Counter-terrorism officers are helping with the investigation, but Nottinghamshire Police’s Chief Constable Kate Meynell said they were keeping an open mind as to the motive.

“This does not mean that it is currently being treated as a terrorist attack,” Home Secretary Suella Braverman told parliament.

The BBC reported that the suspect was believed to be a migrant of West African origin with a history of mental health issues.

The incident has shocked the city, particularly the student community, with Nottingham home to two universities with more than 50,000 students.

The University of Nottingham students were attacked as they returned home from a post-exam party, the Times reported.

One of the teenage victims, Grace Kumar, had played hockey for England’s Under 18 team, and the other, Barnaby Webber, was said to be a keen cricket player.
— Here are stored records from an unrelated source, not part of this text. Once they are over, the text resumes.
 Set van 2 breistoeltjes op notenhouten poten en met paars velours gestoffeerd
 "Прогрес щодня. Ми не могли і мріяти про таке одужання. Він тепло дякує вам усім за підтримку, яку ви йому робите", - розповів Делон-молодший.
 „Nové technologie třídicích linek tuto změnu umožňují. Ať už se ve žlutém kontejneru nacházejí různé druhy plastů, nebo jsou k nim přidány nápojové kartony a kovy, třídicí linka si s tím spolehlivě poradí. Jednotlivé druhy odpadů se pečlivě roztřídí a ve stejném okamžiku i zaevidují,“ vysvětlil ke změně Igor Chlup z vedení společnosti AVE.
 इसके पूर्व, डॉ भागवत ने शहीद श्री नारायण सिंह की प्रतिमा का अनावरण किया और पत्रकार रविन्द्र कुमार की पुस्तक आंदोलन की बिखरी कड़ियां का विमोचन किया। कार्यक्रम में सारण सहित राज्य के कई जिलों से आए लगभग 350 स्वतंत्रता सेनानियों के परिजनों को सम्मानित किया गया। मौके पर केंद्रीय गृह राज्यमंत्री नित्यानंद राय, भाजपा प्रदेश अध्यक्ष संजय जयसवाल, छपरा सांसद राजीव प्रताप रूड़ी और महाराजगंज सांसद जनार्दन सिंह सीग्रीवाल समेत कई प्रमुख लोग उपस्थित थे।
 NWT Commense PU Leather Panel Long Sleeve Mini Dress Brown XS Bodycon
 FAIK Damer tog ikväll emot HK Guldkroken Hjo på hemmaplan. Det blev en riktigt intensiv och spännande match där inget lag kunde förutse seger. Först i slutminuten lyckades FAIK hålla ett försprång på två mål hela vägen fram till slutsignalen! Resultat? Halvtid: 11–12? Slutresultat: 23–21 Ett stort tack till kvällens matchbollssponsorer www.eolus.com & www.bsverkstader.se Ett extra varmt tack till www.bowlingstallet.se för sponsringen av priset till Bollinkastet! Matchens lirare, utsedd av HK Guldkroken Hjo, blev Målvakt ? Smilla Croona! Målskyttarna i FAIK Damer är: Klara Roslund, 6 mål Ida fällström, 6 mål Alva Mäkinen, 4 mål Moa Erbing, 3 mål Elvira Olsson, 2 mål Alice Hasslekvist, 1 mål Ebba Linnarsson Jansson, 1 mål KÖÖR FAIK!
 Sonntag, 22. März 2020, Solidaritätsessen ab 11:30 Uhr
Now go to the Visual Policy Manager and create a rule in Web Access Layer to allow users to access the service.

Webber’s parents said their son was “a beautiful, brilliant, bright young man, with everything in life to look forward to.”

“Complete devastation is not enough to describe our pain and loss at the senseless murder of our son,” they said in a statement released to the media.

The final victim was named as Ian Coates, a school site manager.

“Ian was a much-loved colleague who always went the extra mile for the benefit of our children and will be greatly missed,” said Ross Middleton, the Executive Headteacher of Huntingdon Academy and Warren Academy.